3
votes

I am trying to convert string encoded in ISO-8859-1 to UTF-8 on Linux. I am using iconv function to do that in C++. This is the code that I have:

//Conversion from ISO-8859-1 to UTF-8
iconv_t cd = iconv_open("UTF-8","ISO-8859-1");

char *input = "€"; // the byte value is 128 in ISO-8859-1
char *inputbuf= input;
size_t inputSize=1;

char *output = (char*)malloc(inputSize*4); // maximum size of a character in UTF8 is 4
char *outputbuf = output;
size_t outputSize = inputSize*4;

//Conversion Function
iconv (cd, &inputbuf, &inputSize, &outputbuf, &outputSize);

//Display input bytes(ISO-8859-1)
cout << "input bytes(ISO-8859-1):"
for (int i=0; i<inputSize; i++)
{
    cout <<(int) *(input+i) << ", ";
}
cout<< std::endl;

//Display Converted bytes(UTF-8)
cout << "output bytes(UTF-8):"
for (int i=0; i<outputSize; i++) //displaying all the 4 bytes allocated
{
    cout <<(int) *(output+i) << ", ";
}
cout<< std::endl;
iconv(cd);

This is the output I observe:

input bytes(ISO-8859-1): 128
output bytes(UTF-8): 194, 128, 0, 0

As you can see, the output UTF-8 converted bytesis 194,128. However, the expected UTF-8 output is 226,130,172. I verified that there is no error thrown by any of the iconv functions.

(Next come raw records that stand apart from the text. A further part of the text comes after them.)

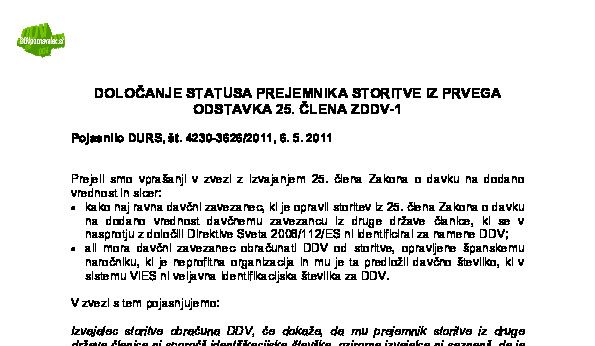 Navedeno pojasnilo se nanaša na izvajanje Izvedbene uredbe Sveta (EU) št. 282/2011 z dne 15.03.2011, katera se skladno z drugim odstavkom 65. člena uporablja od 01.07.2011 naprej (gre za neposredno uporabo - tudi v Sloveniji). Članek nima prilog!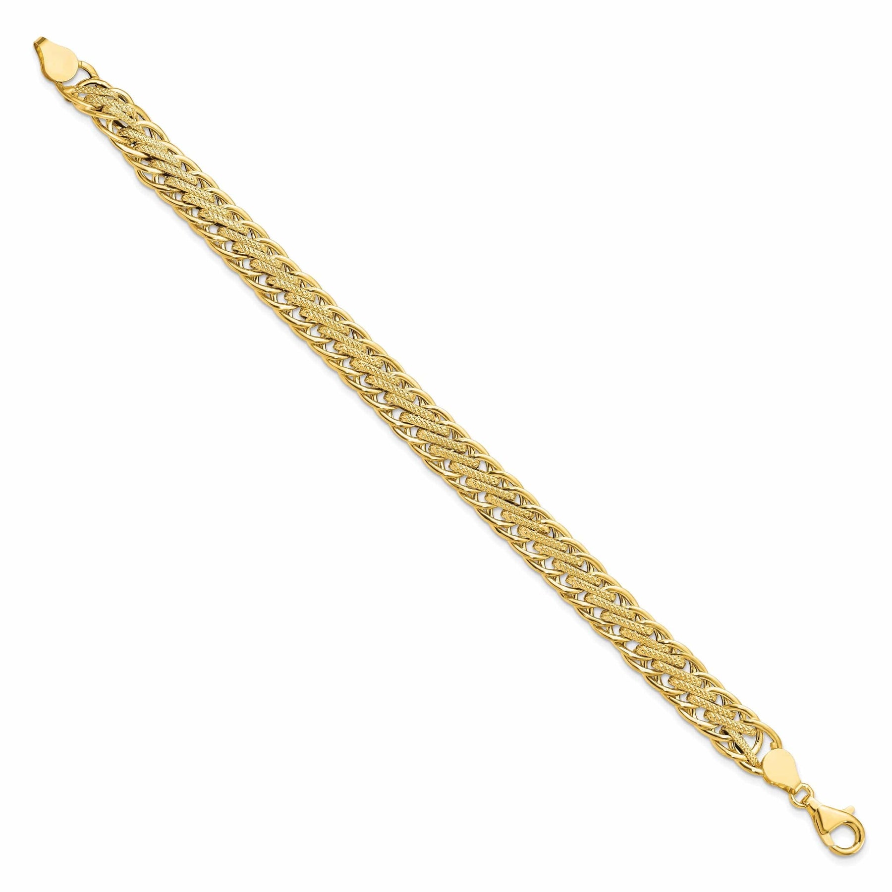 Add a touch of glamour and sophistication to your look with our Leslie's 14k Yellow Gold Polished Finish and Textured Fancy Link Bracelet. Upgrade your jewelry collection today.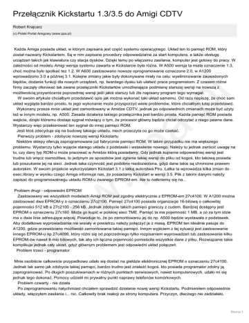 Przełącznik Kickstartu 1.3/3.5 do Amigi CDTV Robert Krajcarz (c) Polski Portal Amigowy (www.ppa.pl) w .p pa .p l Każda Amiga posiada układ, w którym zapisana jest część systemu operacyjnego. Układ ten to pamięć ROM, który został nazwany Kickstartem. Są w nim zapisane procedury odpowiedzialne za start komputera, a także obsługę urządzeń takich jak klawiatura czy stacja dysków. Dzięki temu po włączeniu zasilania, komputer jest gotowy do pracy. W zależności od modelu Amigi wersja systemu zawarta w Kickstarcie była różna. W A500 wersja ta miała oznaczenie 1.3, choć można było spotkać tez 1.2. W A600 zastosowano nowsze oprogramowanie oznaczone 2.0, w A1200 wprowadzono 3.0 a później 3.1. Kolejne zmiany jakie były dokonywane miały na celu: wyeliminowanie zauważonych błędów, dodanie funkcji dla nowych urządzeń, np. twardego dysku lub ułatwić prace programistom. Z czasem różne firmy zaczęły oferować tak zwane przełączniki Kickstartów umożliwiające podmianę starszej wersji na nowszą z możliwością przywrócenia poprzedniej wersji jeśli jakiś starszy lub źle napisany program tego wymagał. W swoim artykule chciałbym przedstawić opis jak można wykonać taki układ samemu. Od razu napiszę, że choć sam układ wygląda bardzo prosto, to jego wykonanie może przysporzyć wiele problemów, które chciałbym tutaj przedstawić. Wykonany przeze mnie układ jest zamontowany w Amidze CDTV, jednak po odpowiednich zmianach może być użyty też w innym modelu, np. A500. Zasada działania takiego przełącznika jest bardzo prosta. Każda pamięć ROM posiada wejście, dzięki któremu dostaje sygnał mówiący o tym, że procesor główny będzie chciał odczytać z niego pewne dane. Wystarczy więc przekierować ten sygnał do innej pamięci ROM. Jesli ktoś zdecyduje się na budowę takiego układu, niech przeczyta co go może czekać. Pierwszy problem - zdobycie nowszej wersji Kickstartu Niektóre sklepy oferują zaprogramowane już fabrycznie pamięci ROM. W takim przypadku nie ma większego problemu. Wystarczy tylko wyjęcie starego układu z podstawki i wstawienie nowego. Należy tu jednak zwrócić uwagę na to, czy dany typ ROM-u może pracować w Amidze którą posiadamy. Gdy jednak kupienie odpowiedniej wersji jest trudne lub wręcz niemożliwe, to jedynym ze sposobów jest zgranie takiej wersji do pliku od kogoś, kto takową posiada lub poszukanie jej na sieci. Jednak taka czynność jest podobno niedozwolona, gdyż dane takie są chronione prawem autorskim. W swoim projekcie wykorzystałem Kickstart 3.1 z łatką autorstwa Piru. Łatka ta wprowadza kilka zmian do exec.library w wyniku czego Amiga informuje nas, że posiadamy Kickstart w wersji 3.5. Plik z takimi danymi należy zapisać do programowalnegu układu ROM-u zwanego EPROM-em. Ale tu natkniemy się na... w w Problem drugi - odpowiedni EPROM Zastosowany we wszystkich modelach Amigi ROM jest zgodny elektrycznie z EPROM-em 27c4100. W A1200 można zastosować dwa EPROM-y o oznaczeniu 27c2100. Pamięć 27c4100 posiada organizacje 16-bitową o całkowitej pojemności 512 kB a 27c2100 - 256 kB. Jednak zdobycie takich pamięci graniczy z cudem. Bardziej dostępny jest EPROM o oznaczeniu 27c160. Moża go kupić w polskiej sieci TME. Pamięć ta ma pojemność 1 MB, a co za tym idzie ma o dwie linie adresujące więcej. Powoduje to, że po zamontowaniu jej do np. A500 będzie wystawała z podstawek. Aby dodatkowe wyprowadzenia nie wisiały w powietrzu należy połączyć je z masą. EPROM ten idealnie pasuje do A1200, gdzie przewidziano możliwość zamontowania takiej pamięci. Innym wyjściem z tej sytuacji jest zastosowanie innego EPROM-u np 27c4096, który różni się od poprzedniego tylko rozpisaniem wyprowadzeń lub zastosowanie kilku EPROM-ów nawet 8-mio bitowych, tak aby ich łączna pojemność pomieściła wszystkie dane z pliku. Rozwiązanie takie komplikuje jednak cały układ, gdyż głównym problemem jest odpowiedni układ połączeń. Problem trzeci - programator Mnie osobiście całkowicie przypadkowo udało się dostać na giełdzie elektronicznej EPROM o oznaczeniu 27c4100. Jednak tak samo jak zdobycie takiej pamięci, bardzo trudno jest znaleźć kogoś, kto posiada programator zdolny ją zaprogramować. Po długich poszukiwaniach w różnych punktach serwisowych, nawet komputerowych, udało mi się jednak tego dokonać. Pomocy udzielił mi prywatny punkt naprawy telefonów komórkowych. Problem czwarty - nie działa Po zaprogramowaniu natychmiast chciałem sprawdzić działanie nowej wersji Kickstartu. Podmieniłem odpowiednie układy, włączyłem zasilanie i... nic. Całkowity brak reakcji ze strony komputera. Przyczyn, dlaczego nie zadziałało, Strona 1 Przełącznik Kickstartu 1.3/3.5 do Amigi CDTV Robert Krajcarz (c) Polski Portal Amigowy (www.ppa.pl) w w .p pa .p l mogło być kilka: podczas wymiany układów uszkodziłem Amigę, uszkodziłem EPROM (np. ładunkiem elektrostatycznym), zostałem oszukany przez serwisanta. Pierwszą ewentualność wykluczyłem przez zamontowanie starego ROM-u. Dwóch ostatnich przypadków nie miałem jak zweryfikować, więc zrezygnowany włożyłem EPROM do szuflady. Pewnego dnia przyszła mi do głowy pewna myśl: czyżby bajty w 16-tu bitach były inaczej zapisane? Wykonałem prosty adapter, który zamienił zerowy bit z ósmym, pierwszy z dziewiątym itd. Kolejna próba uruchomienia i pełny sukces! Amiga powitała mnie swoją animacją dyskietki wkładanej do stacji. Nie przeprogramowywałem już pamięci tylko odpowiednie zmiany dokonałem w projekcie płytki drukowanej. Powyższy opis można wykorzystać do budowy przełącznika Kickstartów w dowolnym modelu Amigi, jednak jego zainstalowanie w Amidze CDTV wprowadza kolejny problem. Amiga CDTV jest specyficznym komputerem, posiadającym kilka dodatków. Elektrycznie jest w 90% zgodna z A500. Jednak to, co ją wyróżnia, to wbudowany napęd CD-ROM. Niestety, wymian

Can anyone please help me figure out if I am missing anything here?

2
According to this table, the code 128 is undefined in the ISO 8859-1 code page.Mr.C64
is NOT byte 128 (0x80) in ISO-8859-1. In fact, byte 0x80 is unassigned in ISO-8859-1. You are thinking of Windows-1252 (or other similar charset), which does have in byte 0x80 (it is not always 0x80 in all supporting charsets, though). Windows-1252 is commonly mistaken for ISO-8859-1.Remy Lebeau
@YSC: ISO-8859-15 encodes as byte 164 (0xA4).Remy Lebeau

2 Answers

0
votes

You can either use the utfcpp library: http://utfcpp.sourceforge.net/ or Boost.Locale for that purpose

-1
votes

This is a bug of iconv, as 0xc2 0x80 is a valid utf-8 sequence for the code point U+0080 glyph <control>.

This glyph is often mistaken for the glyph EURO SIGN, code point U+20AC encoded as 0xe2 0x82 0xac in UTF-8.